RICHMOND HILL — With an abundance of prayer and then a flip of shovels, Richmond Hill’s St. Anne Catholic Church broke ground on its future during a ceremony Thursday at the site where a new 26,000-square-foot sanctuary will be constructed.
The new structure is expected to cost around $8 million and will be finished by Christmas 2015. So far, the church’s nearly 1,000-member congregation has raised some $3.9 million toward the construction cost, and among those who’ve helped raise that amount is 11-year-old Jon Swann.
“Every week, I’ve been putting $1 in the pledge cards, and I’m going to be doing that for three years,” said Swann, the son of Ed and Paula Swann. “It won’t get a lot for the church, but it’ll get something, and I want to be a part of it.”
Swann said he’s been giving for a little more than a year and expects to give another $150 or so before he’s finished.
“I don’t know how much one of those big bricks out there will cost — it might get one or two bricks,” he said. “I’m still going to be happy that I got to help put this up.”
But if Swann, who took part in the groundbreaking along with church officials and those who’ve helped bring the project about, represented St. Anne’s future, then longtime parishioner Miriam Free was on hand to recall the past.
Free, who was born, raised and has lived much of her life in Richmond Hill, recalled when church members held Mass in the old courthouse annex near the intersection of Highways 144 and 17. Today’s groundbreaking marked a milestone for Free.
“It’s so very important for our community,” she said. “We are so proud of our church. I love little St. Anne’s, but we’ve outgrown it. And I’m just so supportive of Father (Joseph Smith) for promoting this. It’ll take us a little while to take care of the payment on it. But we’re working on it.”

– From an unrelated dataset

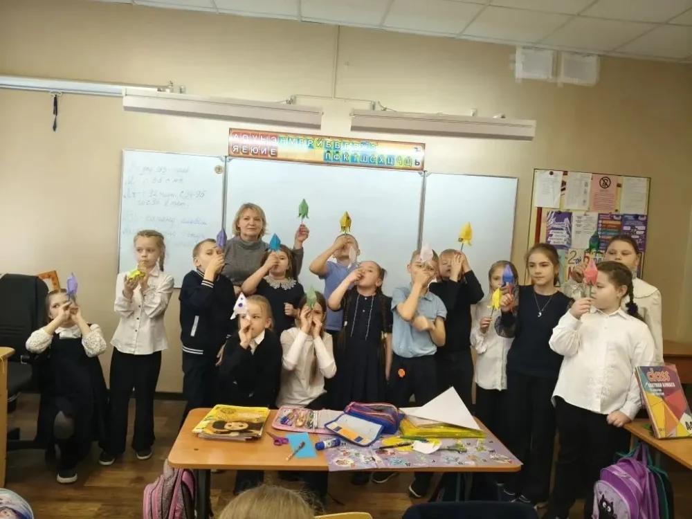 Продолжением встречи стал увлекательный мастер-класс по оригами. Каждый участник создал собственную ракету из цветной бумаги, проявив аккуратность и творческий подход. Ракеты получились яркими, необычными, и у каждой появилось своё имя — как у настоящего космического корабля. Завершился праздник весёлым «запуском» бумажных ракет и небольшой космической фотосессией, которая подарила всем много улыбок и радостных эмоций.

The church is being built by Augusta-based R.W.Allen. The new sanctuary was designed by the Boudreaux Group of Columbia, S.C., and was designed to include an 86-foot-tall bell tower, which, when built, will be the tallest structure in Richmond Hill.
“It’s going to be a beautiful church, it really is,” Free said. “This is a big day for all of Richmond Hill.”

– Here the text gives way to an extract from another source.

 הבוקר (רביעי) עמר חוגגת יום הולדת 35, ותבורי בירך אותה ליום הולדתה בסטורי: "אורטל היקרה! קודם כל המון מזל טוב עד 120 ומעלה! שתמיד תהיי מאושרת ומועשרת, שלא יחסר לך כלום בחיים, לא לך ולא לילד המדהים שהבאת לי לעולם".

Smith led the ceremony, which included various church dignitaries and spiritual leaders — including Bishop Gregory Hartmayer and Bishop Kevin Boland, and former St. Anne pastor Father Douglas Clark — representatives of the church, the contractors and Sun Trust, which is helping finance the construction.

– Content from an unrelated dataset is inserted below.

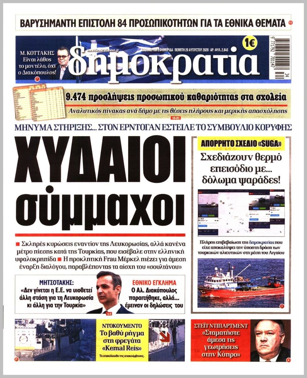 Οι πολιτικές εφημερίδες 20/8/2020 Διονύσης Νίκκας 06:15, Πέμπτη 20 Αυγούστου 2020 Media Διαβάστε τα πρωτοσέλιδα των πολιτικών εφημερίδων… ΠΟΛΙΤΙΚΕΣ ΕΦΗΜΕΡΙΔΕΣ ΠΡΩΤΟΣΕΛΙΔΑ Μοιράσου το: σχολίασε κι εσύ (0 σχόλια) Ακολουθήστε το enikos.gr στο Google News και μάθετε πρώτοι όλες τις ειδήσεις Δείτε όλες τις τελευταίες ειδήσεις από την Ελλάδα και τον Κόσμο στο enikos.gr Ειδήσεις Ροή Ειδήσεων 3 ώρες πριν Πώς δρούσε το κύκλωμα που διακινούσε ναρκωτικά σε σχολεία – Υπέβαλαν σε βασανιστήρια όσους δεν τηρούσαν τους «κανόνες πειθαρχίας» 4 ώρες πριν Αγρότες: Γιορτές στα μπλόκα με ανοιχτά διόδια – Δικογραφία στα Ιωάννινα για το σήκωμα των μπαρών 3 ώρες πριν Ζελένσκι: Οι Αμερικανοί πρότειναν συνάντηση Ουκρανίας, ΗΠΑ, Ρωσίας στο Μαϊάμι 2 ώρες πριν Τραμπ: Πώς περνάει τις γιορτές των Χριστουγέννων – Τα δώρα που κάνει στα εγγόνια του 2 ώρες πριν Μικαέλα Μπέντχαους: Ο πρώτος άνθρωπος σε αναπηρικό αμαξίδιο που ταξίδεψε στο διάστημα – ΒΙΝΤΕΟ 4 ώρες πριν Η τύχη χαμογελά σε 3 ζώδια έως τις 28 Δεκεμβρίου – «Προσέξτε τις επιλογές σας και η επιμονή σας θα ανταμειφθεί» 5 ώρες πριν Μία ανεκμετάλλευτη πηγή θα μπορούσε να προσφέρει ανεξάντλητη ενέργεια – Οι επιστήμονες ίσως γνωρίζουν πώς να την ξεκλειδώσουν 1 ώρα πριν Μήπως οι γιορτές σας δεν είναι τόσο τέλειες; 7 χριστουγεννιάτικες συνήθειες που μαρτυρούν ότι μια οικογένεια είναι δυσλειτουργική 11 ώρες πριν Enerwave: Το νέο «ρεύμα» στη λιανική ενέργειας που αλλάζει την εμπειρία του καταναλωτή 5 λεπτά πριν Πώς να απαλλαγείτε από τη μυρωδιά του τηγανητού φαγητού: Το μυστικό βρίσκεται στην κουζίνα σας 10 λεπτά πριν Βλαχοδήμος: «Νιώθω καλά που είμαι σημαντικός για τη Σεβίλλη» – Τι είπε για τη Ρεάλ Μαδρίτης και τον Μπαπέ 19 λεπτά πριν Πρίγκιπας Ουίλιαμ: Μαγείρεψε παρέα με τον πρίγκιπα Τζορτζ για τους αστέγους – ΦΩΤΟ και ΒΙΝΤΕΟ 28 λεπτά πριν Επιχείρηση της Τροχαίας κατά της παράνομης στάθμευσης στο Νέο Ψυχικό – Τέσσερις συλλήψεις 37 λεπτά πριν Κυριάκος Μητσοτάκης: Στην Ιερουσαλήμ την Τρίτη ο Πρωθυπουργός για την τριμερή Ελλάδας, Κύπρου, Ισραήλ – Θα συναντηθεί και με τον Αμπάς ENIKOS NETWORK Οι γυναίκες αποκαλύπτουν το πιο ελκυστικό πράγμα που μπορεί να κάνει ένας άνδρας Ομορφιά και αντιγήρανση: Ειδικοί μιλούν για συσκευές περιποίησης του δέρματος Θεοδωρικάκος: Εθνική στρατηγική για τους ημιαγωγούς – Πρώτο βήμα η χρηματοδότηση του πρώτου Κέντρου Ικανοτήτων, με 3,63 εκα... Επίδομα θέρμανσης: Μπαίνει η πρώτη δόση την Τρίτη – Οι επόμενες πληρωμές Χαρτογραφώντας το «σημείο χωρίς επιστροφή»: Για πρώτη φορά αποκαλύπτεται με λεπτομέρεια το ακανθώδες όριο της ατμόσφαιρας τ... Η Google καταργεί τη λειτουργία «dark web report» – Πώς θα μπορούν οι χρήστες να διαγράφουν τα δεδομένα τους περισσότερα 18:19 , Σάββατο 20 Δεκεμβρίου 2025 HOTΕΛ ΕΛVIRA: Η Ελβίρα μαθαίνει πως ο Χάρι μένει κρυφά στο ξενοδοχείο του Παντελή Συνεχίζονται οι εκλογές για πρόεδρο, στο νέο επεισόδιο της κωμικής σειράς του MEGA, HOTΕΛ ΕΛVI... 14:04 , Σάββατο 20 Δεκεμβρίου 2025 Η Realnews αυτής της Κυριακής (21/12/2025) Με τίτλο: «Ασπίδα προστασίας για την Ελλάδα» κυκλοφορεί, αυτήν την Κυριακή, η Realnews. Σημαντ... 12:53 , Σάββατο 20 Δεκεμβρίου 2025 Να μ’ αγαπάς: Το παρελθόν έρχεται στο φως – Καταιγιστικές εξελίξεις στα τελευταία επεισόδια του 2025 Ο Άγγελος αποκαλύπτεται, η Φωτεινή ανησυχεί για τον Λευτέρη και η Ζωή έρχεται αντιμέτωπη με το... 11:41 , Σάββατο 20 Δεκεμβρίου 2025 «Η αγάπη δεν χάνεται ποτέ»: Η μικρού μήκους ταινία κινουμένων σχεδίων που θέτει ερωτή

“Humbly, we ask he good Lord’s blessing on everything we do here,” Smith said. “Not just for the community at St. Anne now, but for the future community, and the Catholic church in South Bryan County as it strives to grow and continues to grow.”
The groundbreaking, was followed by a Mass in the current sanctuary and a reception.
Paula Swann, who teaches at Blessed Sacrament where her children attend school, said her family comes from Savannah to attend St. Anne.
“We drive past four other Catholic churches to be here,” she said. “We come to this church because we love the people, love the pastor.”